Estos rasgos fundamentales de la predicación del Reino de Dios por parte de Jesús aparecerán con toda claridad cuando reflexionemos sobre los textos evangélicos que describen simbólicamente este Reino: o sea, las parábolas.
La reacción del pueblo de Israel frente a la predicación programática de Jesús ha continuado, a lo largo de los siglos, en la vida de los cristianos. Como en el caso de sus oyentes, también a nosotros nos entusiasma pensar que vivimos en la plenitud de los tiempos, que el Reino de Dios está entre nosotros: pero cuando aceptar este Reino implica un cambio total de mentalidad y de vida, es cuando comienzan las dificultades. Quisiéramos que todo nos llegara “llovido del cielo”, resultándonos difícil aceptar que Dios quiere nuestra libre respuesta y colaboración en la construcción de su Reino.

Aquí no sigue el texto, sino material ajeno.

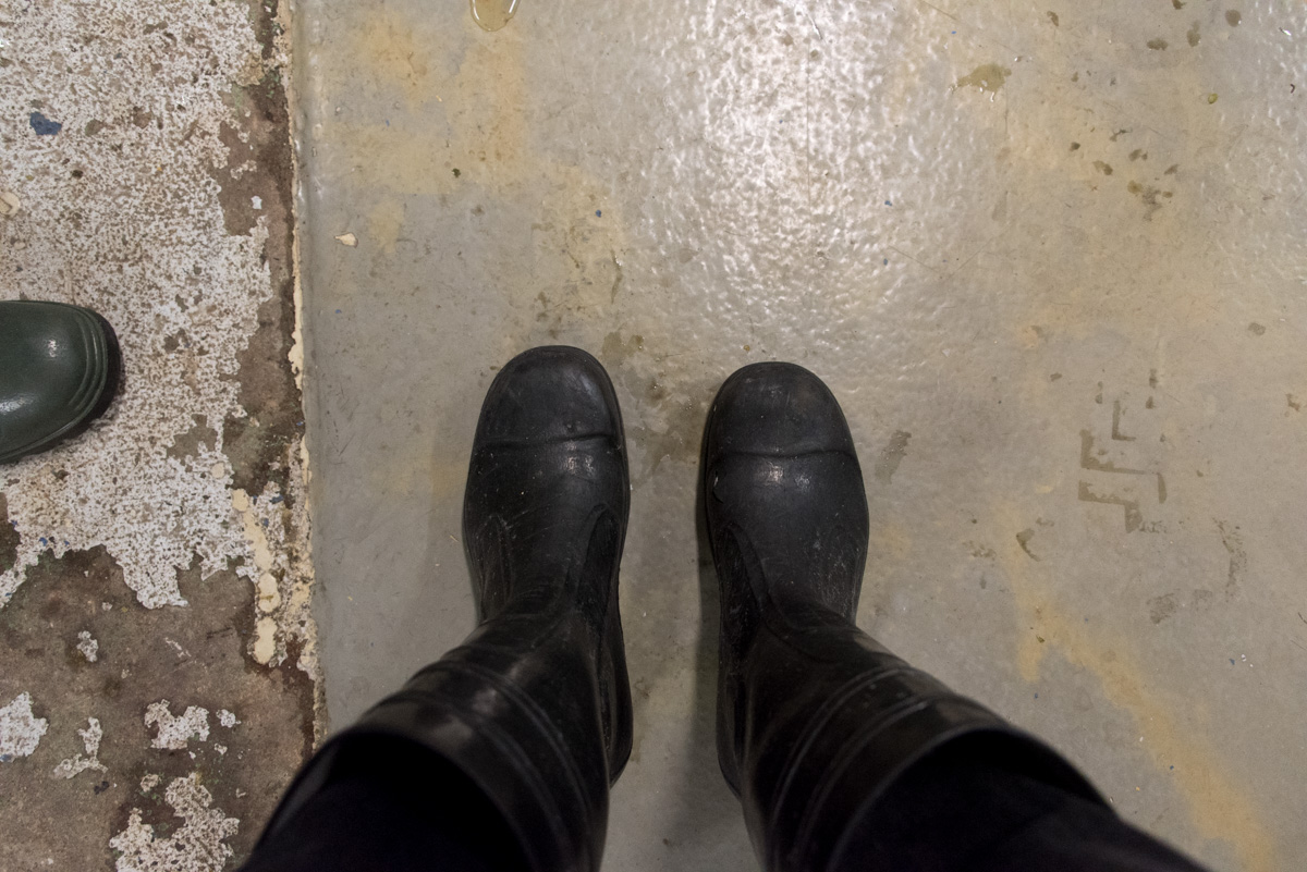 Det skulle bli värre – dravet skulle ju tas om hand. Det är inte som hemma heller. Snarare som att skyffla bort en halvmeter blötsnö från en garageuppfart. Det tog på ryggen och man får hoppas att grisarna som är slutkonsumenter av dravet uppskattar insatsen. Men jag gnällde inte och Magnus höll tyst. Eller, jag kan ha gnällt lite över stövlarna jag fick låna. Storlek 42. Det tog några dagar innan fötterna rätade ut sig till 47:or igen efter det.
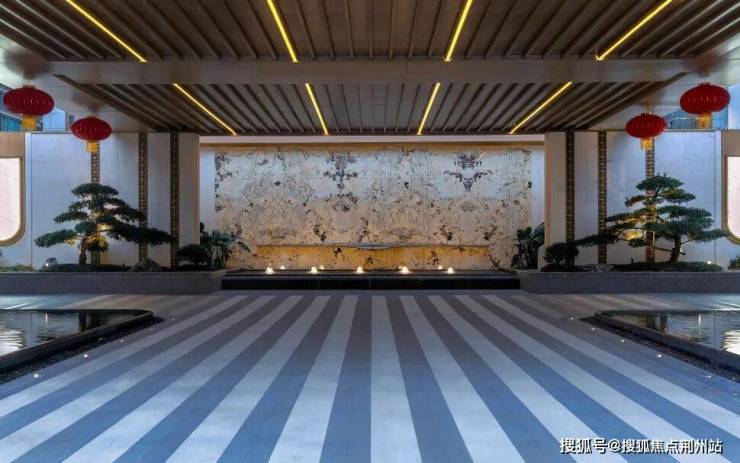 在地下车库设计上,车行坡道为大面积大理石纹岩板,入口采用具有光泽感的金色铝板材质,无不体现高级质感。车行坡道下方,更为业主特别定制了一座铝板星空穹顶,照亮每位业主的归家之路。

Pero, por otra parte, tampoco se trata de vivir la conversión como una “penitencia” entendida como simple sufrimiento, privación, o peor aún, “castigo”.
Para Don Bosco, la auténtica conversión es inseparable de la alegría; y no puede ser distinto, pues en el fondo consiste en aceptar a Jesús en nuestra vida, y la Buena Noticia que viene a traernos: que Dios es nuestro Padre y que nos ama, pero que no podemos vivir como hijos e hijas suyos si no vivimos entre nosotros como hermanos. En cambio, quien no quiere convertirse, vive irremediablemente en la tiniebla, la soledad y la tristeza. Basta recordar la alegría del buen pastor al poner sobre sus hombros la oveja perdida, de la mujer que encuentra la moneda extraviada, del padre cuyo hijo “estaba muerto, y ha vuelto a la vida; estaba perdido, y lo hemos encontrado” (cfr. Lc 15).
En los escritos de Don Bosco, quizá en ningún otro texto encontramos esta relación entre conversión y alegría como en la Vida de Miguel Magone (capítulos 3-5), que les invito a releer. Su cambio de vida, concretizado en la celebración del Sacramento de la Penitencia, la permite gustar la misma alegría y paz que tanto envidiaba en sus compañeros, y le permite saborear las prácticas de piedad que antes le resultaban difíciles: es el inicio de un camino de auténtica santidad, que, en el Oratorio de Don Bosco, “consistía en estar siempre alegres”.